Cette Médée, qui veut ♫ être une femme libérée (tu sais, c’est pas si facile ♪), qui fichu le camp avec le bô Jason et qui, pour ralentir la barque de son père, jeta à l’eau les morceaux de son frère qu’elle avait démembré… Puzzle grandeur nature. Ludique occupation, non ?

Puis, paraît que le Jason va la trahir… J’aurais aimé lire la vengeance qu’elle lui avait réservée, à ce crétin qui osa défier cette femme qui était « Née pour détruire les rois, née pour remodeler le monde, née pour  horrifier et briser et recréer, née pour endurer et n’être jamais  effacée.
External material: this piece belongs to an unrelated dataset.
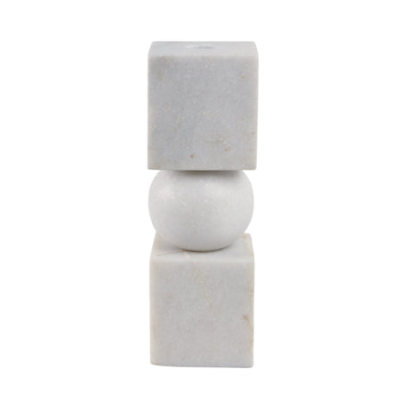9" STACKED OBJECTS TAPER HOLDER SAND GLAZE, BLACK

Hécate-Médée, plus qu’une déesse et plus qu’une femme, désormais vivante, aux temps des origines ». Ça en jette, non ?? Et moi je loupe tout ça.

M’est avis que ça a dû chier grave pour le Jason et que le gars en a bavé… Fini de mettre ses mains pleines de doigts dans la Toison d’Or de la Médée !

Vu le palmarès sanglant, on va éviter de signaler à cette Médée que je n’ai pas réussi à entrer dans son histoire et que j’ai abandonné ce livre en disant, à voix haute « Homère d’alors ! ».